The following is a speculative fan fiction based on the facts established by The King’s Prize chapter in A Dance with Dragons, the Sacrifice chapter in A Dance with Dragons, and Theon I preview chapter in The Winds of Winter. The Night Lamp theory was initially created by BryndenBFish on reddit I believe. Also there’s Asha fragment, a paragraph decoded from an enhanced image of GRRM’s computer. I wrote this fan fic, and ahhhh... follow me on instagram @truestannis
The day was cold, and the white winds bit harder as Asha inhaled. Ser Justin Massey, the freckled knight of summer, had left with the banker Nestoris and Ned Stark’s daughter. She did not desire him, a southron knight who wore a pretty blonde beard could hardly be her Lord husband in the days to come, were she to live. And yet, she thought of him. The other queen’s men, Farring and Suggs, thirsted for her blood like a pack of jackals. The knights of the greenlands would pray to their queer god of fire, but the North was of the old, and the old gods were more punishing and severe than R’hllor could ever be. Doomed, she thought, doomed men on a death march.
         The ice lakes at the crofters’ village were caked with snow. When Asha walked outside along the camps, the snow seeped into her boots. The hill tribes, the southron knights, and the Glovers had been working day and night felling the trees. Catapults, she thought. Why would Stannis want siege weapons when the enemy were to meet him in an open field?

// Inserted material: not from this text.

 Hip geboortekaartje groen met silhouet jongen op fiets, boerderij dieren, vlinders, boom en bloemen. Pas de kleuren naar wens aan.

         The king walked out of the tower. She had last seen him when she was pleading for her brother’s life, or a quick death, rather. “Your Grace. My brother—“
         “He will live, for now. I have better use for him, because he knows the layout of Winterfell. Which walls are the strongest, and which gates the weakest. It’s not me you need to worry about, Lady kraken, it’s these northmen. Norrey and Wull would not hesitate for an instant to bloody their axes with Theon’s head.”
         The queen’s men escorted their prisoner outside. Arnolf Karstark was accused of conspiring with Lord Bolton to turn on Stannis’s rearguard once the battle began. The queen’s men prepared a pyre for Lord Karstark on the weirwood island. Next to the pyre was a chopping block. The Wulls, the Flints, and the Norreys gathered around the king and his men.

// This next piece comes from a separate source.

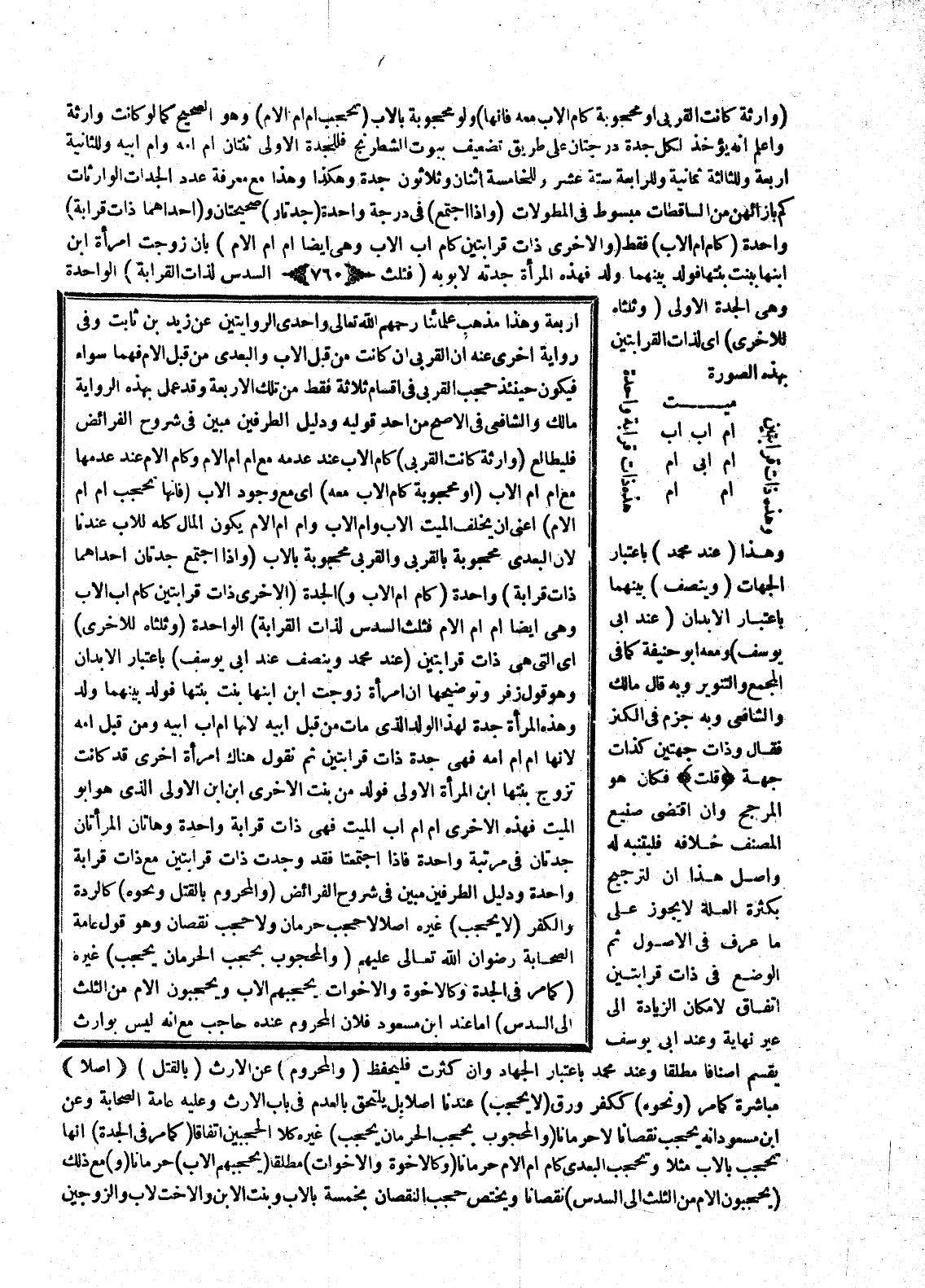 وَفِي رِوَايَةٍ أُخْرَى عَنْهُ أَنَّ الْقُرْبَى إنْ كَانَتْ مِنْ قِبَلِ الْأَبِ وَالْبُعْدَى مِنْ قِبَلِ الْأُمِّ فَهُمَا سَوَاءٌ فَيَكُونُ حِينَئِذٍ حَجْبُ الْقُرْبَى فِي أَقْسَامٍ ثَلَاثَةٍ فَقَطْ مِنْ تِلْكَ الْأَرْبَعَةِ وَقَدْ عَمِلَ بِهَذِهِ الرِّوَايَةِ مَالِكٌ وَالشَّافِعِيُّ فِي الْأَصَحِّ مِنْ أَحَدِ قَوْلَيْهِ وَدَلِيلُ الطَّرَفَيْنِ مُبَيَّنٌ فِي شُرُوحِ الْفَرَائِضِ فَلْيُطَالَعْ (وَارِثَةً كَانَتْ الْقُرْبَى) كَأُمِّ الْأَبِ عِنْدَ عَدَمِهِ مَعَ أُمِّ أُمِّ الْأُمِّ وَكَأُمِّ الْأُمِّ عِنْدَ عَدَمِهَا مَعَ أُمِّ أُمِّ الْأَبِ (أَوْ مَحْجُوبَةً كَأُمِّ الْأَبِ مَعَهُ) أَيْ مَعَ وُجُودِ الْأَبِ (فَإِنَّهَا تَحْجُبُ أُمَّ أُمِّ الْأُمِّ) أَعْنِي أَنْ يَخْلُفَ الْمَيِّتُ الْأَبَ وَأَمَّ الْأَبِ وَأُمَّ أُمِّ الْأُمِّ يَكُونُ الْمَالُ كُلُّهُ لِلْأَبِ عِنْدَنَا؛ لِأَنَّ الْبُعْدَى مَحْجُوبَةٌ بِالْقُرْبَى وَالْقُرْبَى مَحْجُوبَةٌ بِالْأَبِ.

         “Lord Arnolf Karstark, you have been charged with treason and the conspiring with the enemy. I, Stannis Baratheon, the one true King of Westeros, sentence you to die. You are a northman. I do not wish to tamper with your old gods or your tradition in front of the brave men who stand beside me. Confess, and I shall grant you the swift death with my sword. Lie, and you will meet a warmer end. Choose wisely, Ser Clayton Suggs has much and less patience than I.”
         “Aye, I confess. What of it! Lord Bolton has seven thousand strong. You will starve, and freeze, pretender. The Frey host alone is like to shatter what’s left of you and yours without breaking a sweat!” The old man spat onto the snow. He turned to the Wull, “Hugo fucking Wull. You support some southron fool now? Much is the pity! You are dead men! Do you hear me? Dead! Dead will be your false king, and dead your sons. Be cursed!” The old man coughed and grinned.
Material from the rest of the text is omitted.